Plenty of pumpkins or winter squash in 2017 with literally zero hours of maintenance and therefor making it a great return for investment in terms of the time spent to bring them from seed to harvest. With the help of lasagne gardening and woodchip covering we achieved huge productivity with plentiful return at the end of the growing season. Also they have been planted amongst a rich polyculture of various types of perennial and annual plants including fruits, veg and flowers. As a result we had almost no impact from pests, and this without the use of any chemicals or artificial means. The flowers attracted a wealth of pollinators to our garden resulting in virtually 100% pollination rates.
Varieties of winter squash grown include Uchiki Kuri, spaghetti squash and many more. There should be plenty of seeds to save for next years growing season!
Does anyone have any pumpkin recipes? We have been using them mostly for soup, we would greatly appreciate new ways of cooking with them. Thanks!
Here are the little pumpkin seedlings when they were still babies only a few month ago around June.
Take look at the individual harvests from these gardens:
3 thoughts on “Pumpkins – Just on time for Halloween!”

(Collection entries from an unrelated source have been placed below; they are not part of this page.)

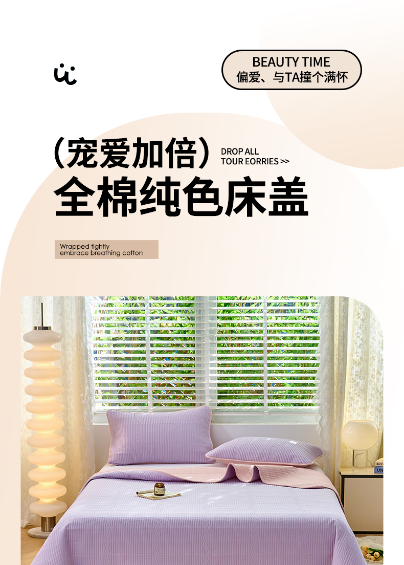 当前位置: 91家纺网 > 商品网购 > 床上用品 > 床盖 > X猫先生 2025新款全棉纯色床盖全棉床盖糖果系列 糖果-丁香紫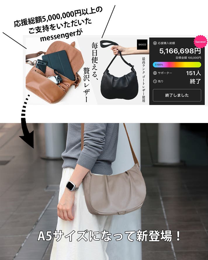 A. messenger piccolaは【応援総額5,000,000円以上】とたくさんのご支持を頂いたプロジェクト”messenger(メッセンジャー)”の機能性や収納力・整理力をベースに、より「普段使いに特化」した ”毎日にちょうどいい” サイズ感を求めてリデザインしました。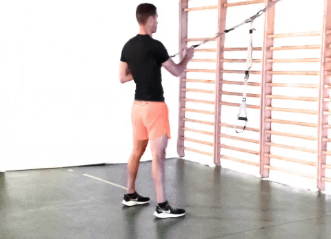 Appuis talons au sol, tirer avec un bras le long de la sangle, et contrôler la descente du bras avec ouverture vers le sol, regard qui suit ce bras. Fixer les omoplates en poussant la poitrine vers l’avant + garder l’alignement bassin-tronc. Pour plus de difficulté, se rapprocher du point d’ancrage.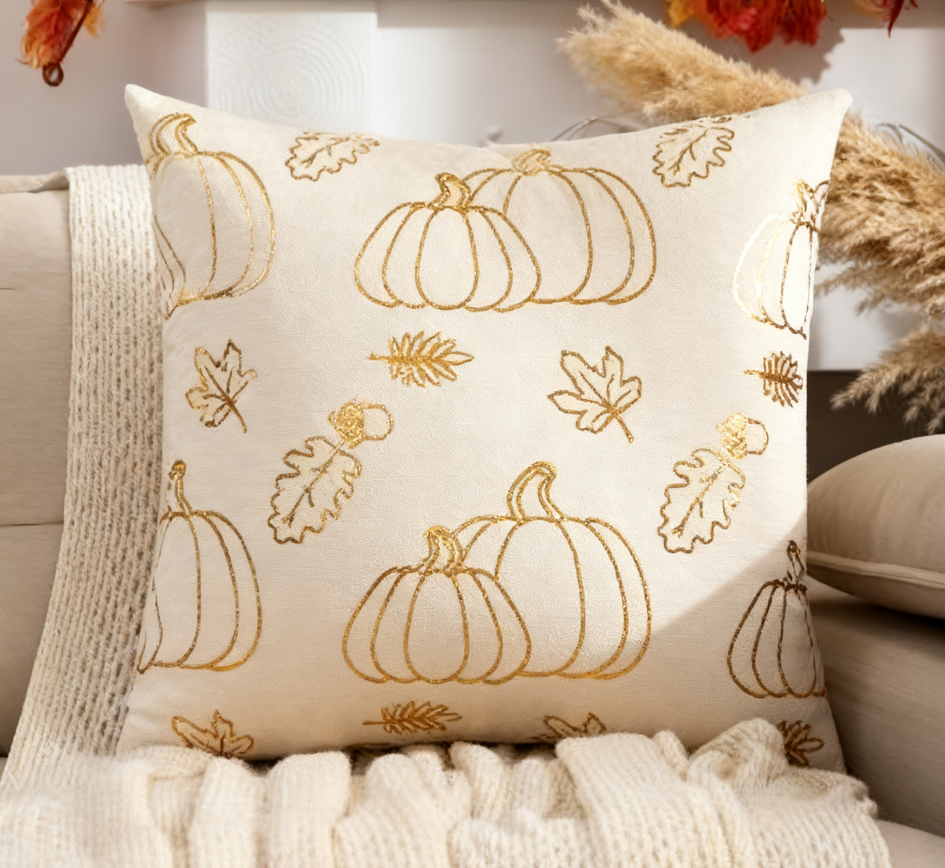 This decorative pillow is a perfect blend of autumn charm and elegance. Featuring gilded pumpkin and leaf patterns on a soft, light - colored base, it brings a touch of fall’s warmth and a hint of luxury to your space. Ideal for sprucing up sofas or beds, it effortlessly elevates the cozy, seasonal vibe of any room. The soft textured fabric offers cozy comfort while the hidden zipper makes the cover machine-washable for easy care.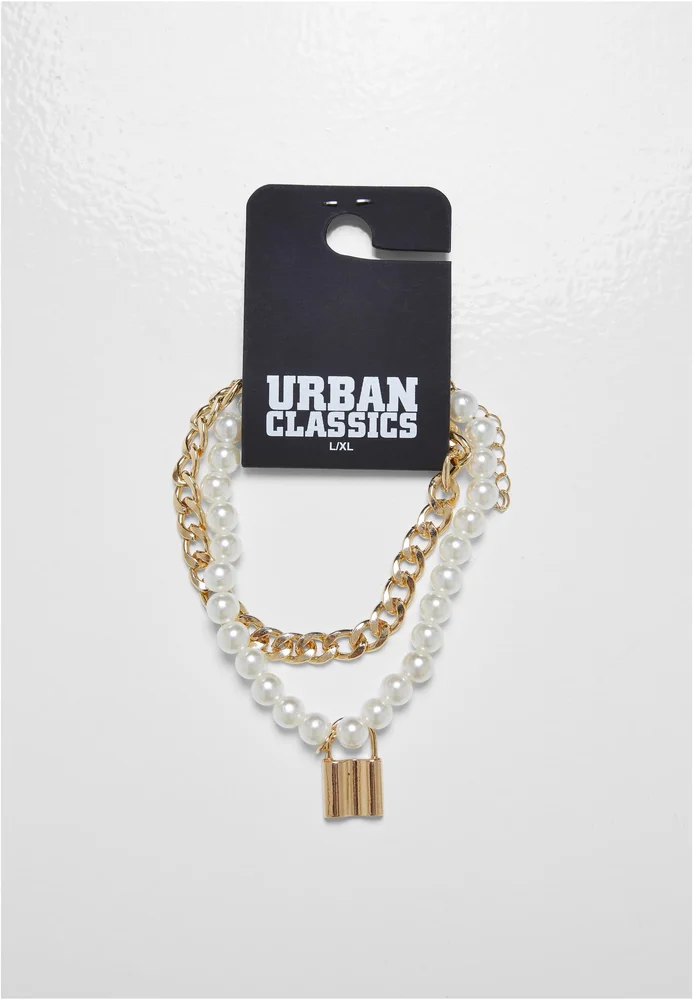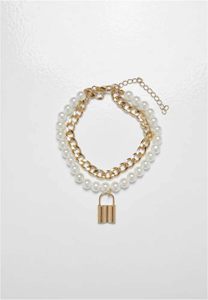Das zweireihige Armband macht als Accessoire ordentlich was her und besteht aus zwei miteinander verbundenen Ketten. Eine goldene Basic-Kette wird mit einer Perlenkette ergänzt, die als besonderes Gimmick noch ein goldenes Schloss mit sich trägt. Das Armband ist in zwei unterschiedlichen Größen verfügbar.

Congratulations! They look amazing! I’ve discovered that pumpkin goes very well with moustard. So I kind of created a purée 🙂
I let big pieces of pumpkin boil in water. Then, if they’re organic, I leave the peel on and mash them completely. If they’re not organic, I take off the peel before mashing. I mash them with a hand mixer. Then I add many spices like turmeric, paprika, less than a pinch of cumin, a little bit of olive oil, a pinch of pink salt, a bit of ground coriander and (here’s the special part) a mixture that is called “moustarde à l’antigue”, which is nothing more that an old recipe for moustard seeds. You can find it easily at the big green grocers or even in supermarkets. I add all of the spices and try it to see if I should add more. It goes great as a garnish with almost everything and it’s quite easy to make! Hope you like it! <3
Thanks Valenina for the great recipe! We will try it 😀
Well done, that’s inspiring! I’ve always loved roasted pumkins, cut in half, clean out seeds, add some spice, go with lots of garlic or maybe maple syrup/honey and roast in medium hot oven until done.